Thanks, I am ordering the beetle traps, but all the suppliers sell this product (Checkmite) for use as SHB control, I have never heard of anyone that used it. Its kind of expensive but if anyone knows how it works before I order it it would be appriciated. I think one hive could use this product if it works well.

This is the link to Rossmans (Checkmite) labeled for SHB

http://www.gabees.com/store/product...d=258&osCsid=c9796cc70d2d3adcf8f5b9806f825f85

Also, is there some deterent for hornets, or will they learn to defend themselves by becoming more aggressive?


----------



## golddust-twins (Sep 8, 2007)

*Hornet Traps*

*dhood,*

_*What kind or hornets are they? Are they yellow and black or are they black with a white face. Last year was a very bad year in my area for yellow jackets and bald-faced hornets. I made some traps and set they around the perimeter of my property. I even bought some and hung them from my fence around the bee yard. I caught thousands. Do a google search for a homemade trap, you'll save money and can make them bigger than the ones you can buy in the store.

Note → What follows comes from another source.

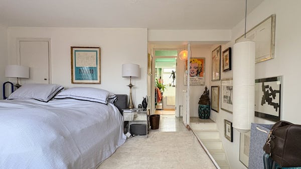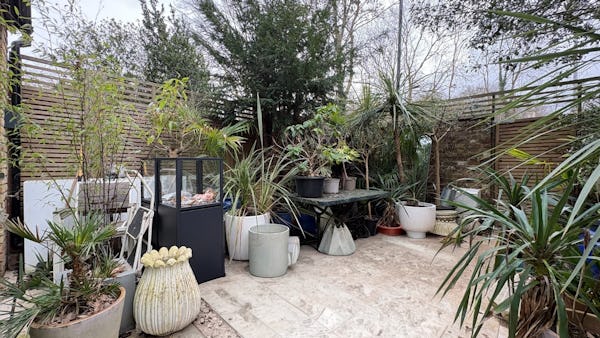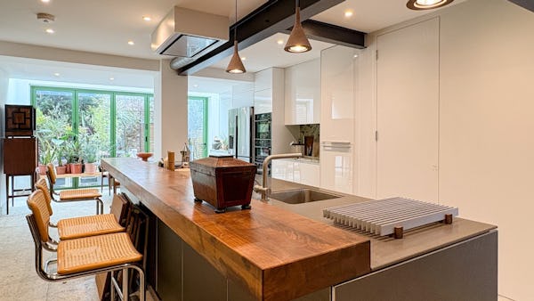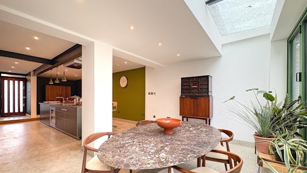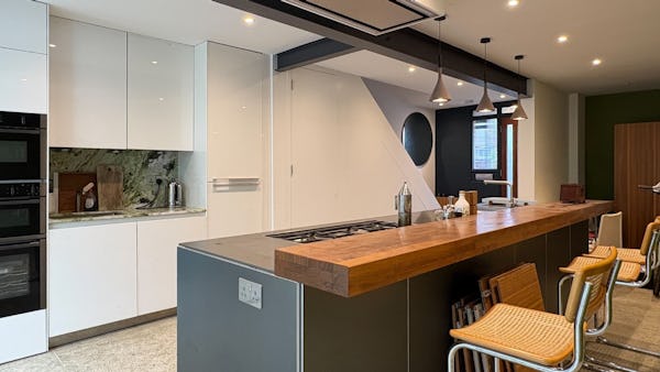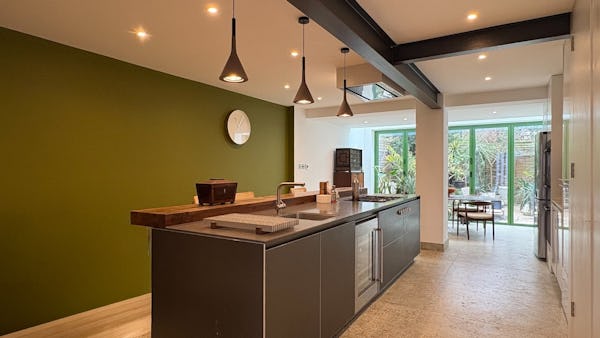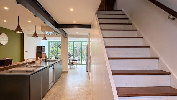 The property is centred around a 15-metre high-spec kitchen leading to a garden, creating a natural flow between indoor and outdoor spaces. Upstairs includes one large bedroom and a smaller second bedroom, with a bathroom on the top floor and an additional ground floor WC.

Here is one *_*http://www.ehow.com/how_1740_make-trap-yellow.html** - There are more on line - I started with just a soda bottle and saw it really worked within a week I was using the tubs the cat littler comes in. Because of the traps I put out last year I have only seen one or two hornets this year.*
 

Corinne


----------



## dhood (May 26, 2008)

golddust-twins, I'm not sure. I looked on the internet to identify them. The closest picture I found was the Asian Gaint Hornet, which it said there not in the US. But, I saw two of them go in an empty bucket, I set a piece of plywood on top to keep them in. In a couple of days(after they die) I will go and get them so I can identify them. I knew about the traps, but I was afraid the honeybees would go in them also. My son left a half full A&W rootbeer beside the hives one day, when I saw it a few days later it was full of dead bees that had drowned. Whatever kind of hornet these are they catch honeybees in midair and flyoff with them. They also, land on the landing board and pick them up like its a buffet.


----------



## golddust-twins (Sep 8, 2007)

dhood,

Check out the link I gave you....just don't use the banana. I too was worried about the bees being attracted to the traps. So I left the banana out. It still caught the hornets. We don't have the hornets you describe here on the Southern Oregon Coast. Good Luck...hope you identify them.

Corinne


----------



## golddust-twins (Sep 8, 2007)

*Hornets From Hell???*

dhood

If this is what they look like.....http://www.badspiderbites.com/giant-hornet/  Not good. National Geographic calls them the Hornets From Hell. 

Corinne


----------



## IndianaHoney (Jun 5, 2006)

Why not just fill it with Coca Cola? Yellow Jackets love pop, and bees don't.


----------



## dhood (May 26, 2008)

Why not just fill it with Coca Cola? Yellow Jackets love pop, and bees don't. 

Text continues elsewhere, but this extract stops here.